Gambhir visited the Ghazipur landfill many times and has taken initiatives regarding it. Gambhir also installed air purifiers in his constituency. Gambhir donated his two years salary as MP during COVID-19 pandemic. Gambhir through his foundation started COVID-19 vaccination camps in his constituency. In Gambhir's constituency Delhi BJP performed well in 2020 Delhi legislative elections and 2022 Delhi MCD elections.

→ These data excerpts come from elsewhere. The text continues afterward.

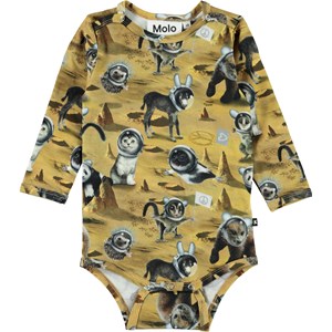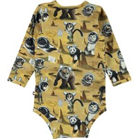 Foss ist ein gelber Babybody mit Aufdrucken verschiedener Tiere, die im Weltraum spazieren gehen. Foss hat einen Druckknopf im Kragen und zwischen den Beinen, der das An- und Ausziehen des Bodys erleichtert.
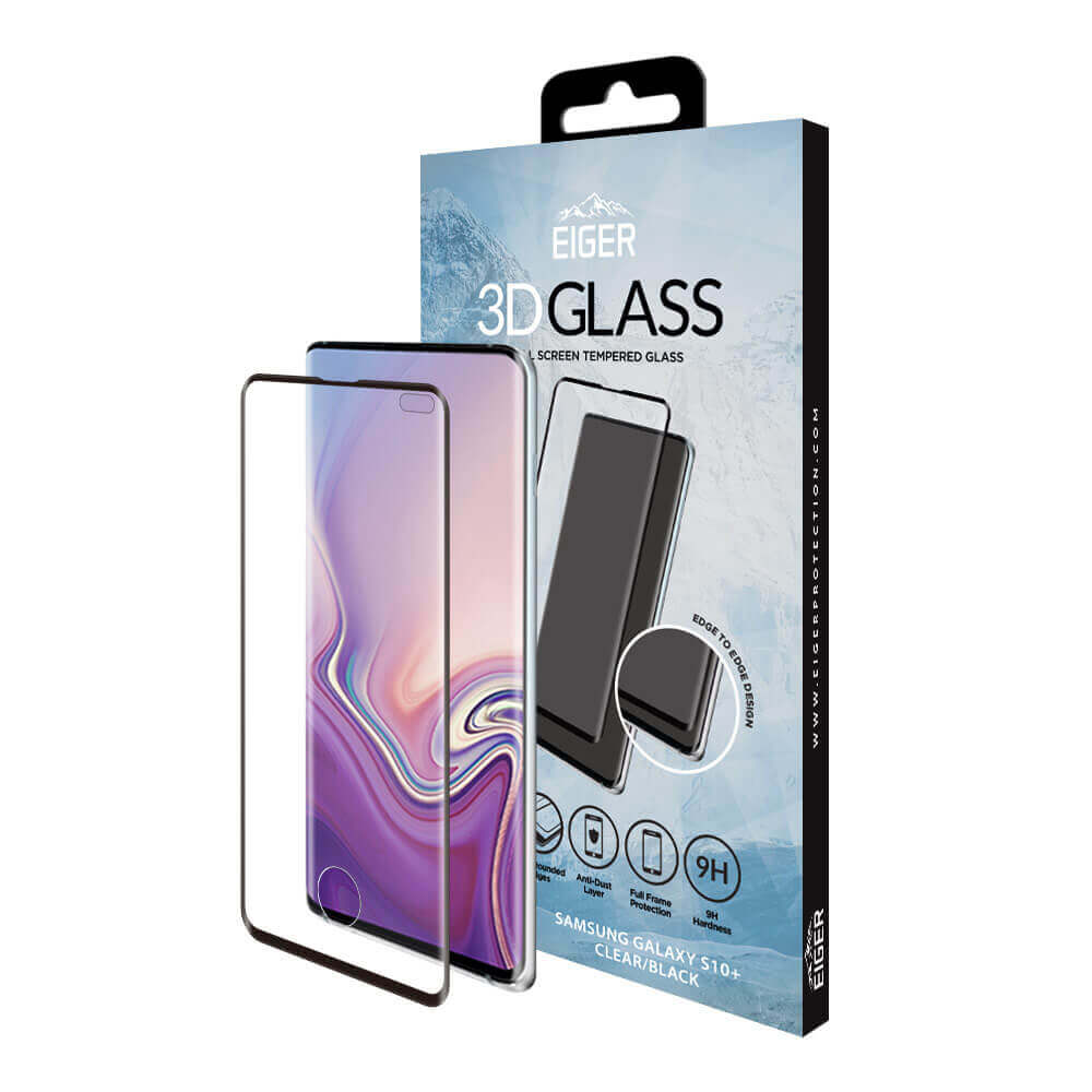 Eiger 3D Glass Edge to Edge Full Screen Tempered Glass - калено стъклено защитно покритие с извити ръбове за целия дисплея на Samsung Galaxy S10 Plus (черен-прозрачен)
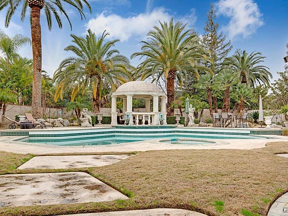 Amazing home in Seven Oaks! This 4 bedroom 3 bathroom home with living room and separate family room is loaded with custom features. The kitchen includes granite countertops, stainless steel double ovens, trash compacter, under the counter wine refrigerator, dishwasher, 6 burner stove top w/range hood at island, which features a unique black leather granite counter top surface. The Master suite features a dual fireplace, double vanity sinks, jetted tub and separate shower, as well as a custom walk-in closet... Beautiful front & rear landscape on a huge lot awaits you outdoors with tropical trees, and a colorful array of fragrant flowers & plants. The rear landscape includes a dome gazebo, decorative statues, sparkling pool with fountains and a spa! Don't miss out on this opportunity. Call for your private showing today!
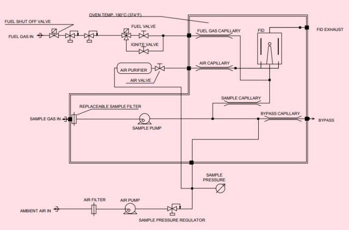 - Sample pump: approx 25 l/min capacity @ operating temp
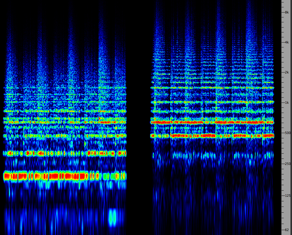 3. Start transposing your source or the excerpts up and/or down, depending on which range is strongest in the source. Although you can use any size of pitch transposition, doing it by octaves has several advantages; for an example of multi-octave transposition, see these examples where texture is involved. First, you can quickly get to the “end” of what is going to be usable in either directions. Remember the old saying: you don’t know you’ve gone too far until you’ve gone too far. Secondly, octave combinations always work well aurally, even if there are not actual pitches involved.
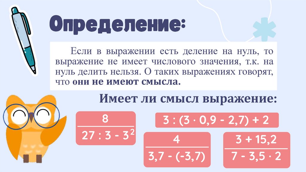 Если в выражении есть деление на нуль, товыражение не имеет числового значения, т.к. на

On 2 March 2024, he announced that he has requested BJP National President JP Nadda to relieve him of political duties as he wants to focus on cricket commitments.

==Other work==
Gambhir has started work at his constituency of East Delhi, installing CCTV cameras to tackle the issue of women's safety which has plagued Delhi in recent times. He is also the Brand Ambassador for Pinnacle Industries' Pinnacle Specialty Vehicles.